Saturday, August 08, 2015

Suppressing science to promote egalitarianism

Leftist pseudoscience philosopher Massimo Pigliucci
From my standpoint as a biologist it is hard to conceive of any major aspect of being human that is not the result of nature-nurture interactions (as opposed to straight influences of either nature or nurture), even though these are hopelessly complex to disentangle empirically. We know this to be the case for pretty much every other species on the planet that we have been able to properly study, so why should it be different for Homo sapiens?

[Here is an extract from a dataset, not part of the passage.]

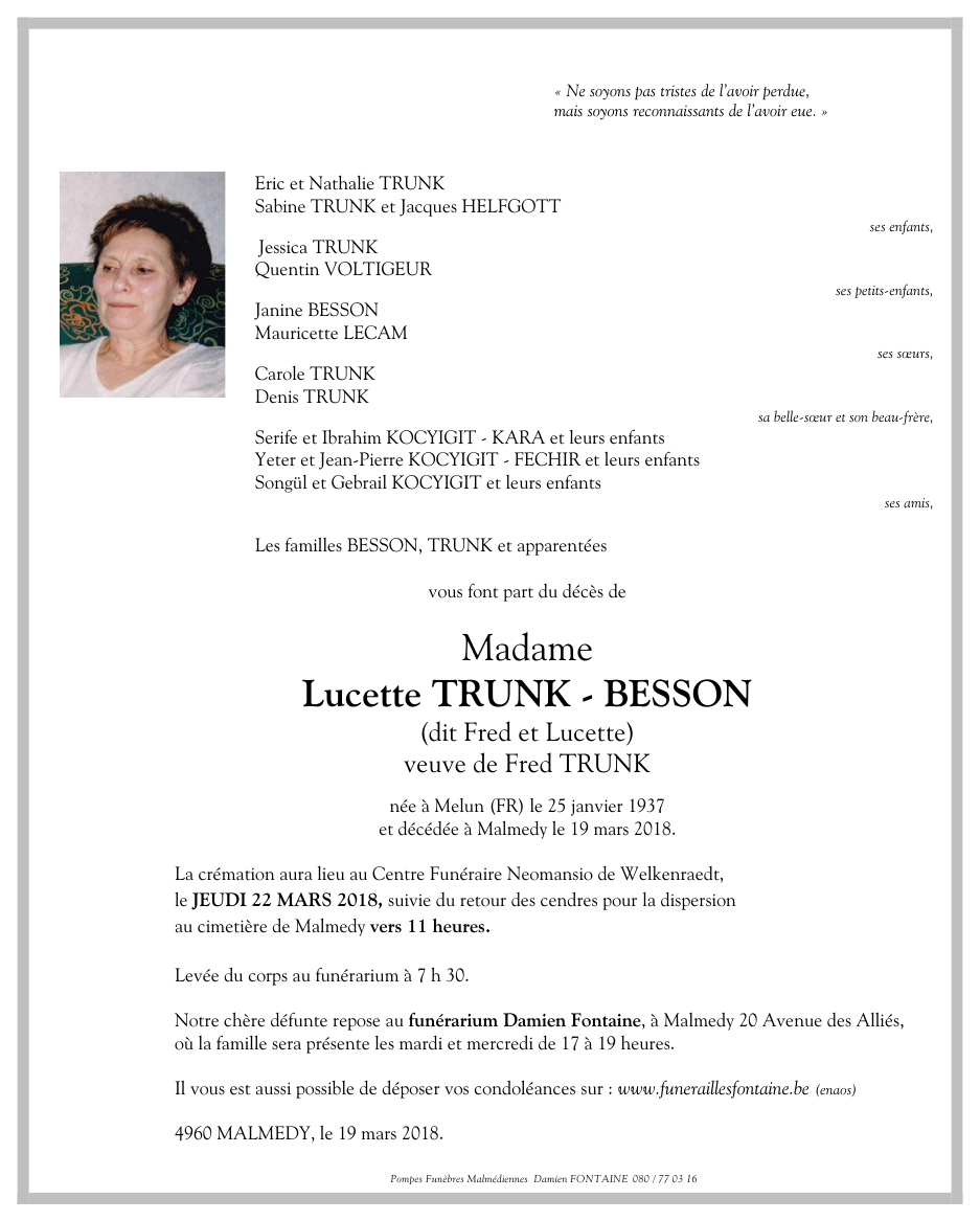 Madame Lucette BESSON veuve de Fred TRUNK

The problem with the extreme naturist position, then, is twofold: on the one hand, it is based on often shaky science — consider for instance neuroscientist Cordelia Fine’s masterful debunking of what she calls neurobiological “delusions of gender” [11]. On the other hand, far too many naturists, while claiming the (alleged) objective mantle of science, reveal themselves to be sympathetic to sexist or racist, and certainly politically regressive positions (for instance Charles Murray and Richard Herrnstein, authors of the infamous The Bell Curve). Even when this is not the case, their research provides easy cover for the most vicious sexist and racist sub-cultures of our society.

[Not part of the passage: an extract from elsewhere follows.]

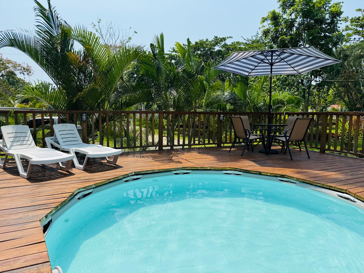 Denne vakre karibiske ferien vil helt sikkert fengsle sansene og fantasien din. Du vil nyte en sjarmerende eiendom med førsteklasses fasiliteter. Åpent, fargerikt og alt naturlandskap. Bare en 10 minutters kjøretur tar deg til Tela Beach, Lancetilla Botanical Park eller sentrum. Nær supermarkeder, bensinstasjoner, restauranter og sykehus. Ideelt plassert i Residencial Jamil, et privat kompleks, hvor duvil føle deg trygg og hjemme: Ditt karibiske hjem! Gjør deg klar for et minneverdig☆ 5-opphold!

Murray and Herrnstein always argued for traits being a combination of nature and nurture, just as the biologists say. So what is the objection?

Leftist soft-subject professors like him nearly always argue fallaciously. Here he announces disagreement with the political views of authors who make a social science argument, and then uses name-calling against those who follow the work. It is a form of guilt-by-association, except that Pigliucci is blaming the authors for who might have read the book.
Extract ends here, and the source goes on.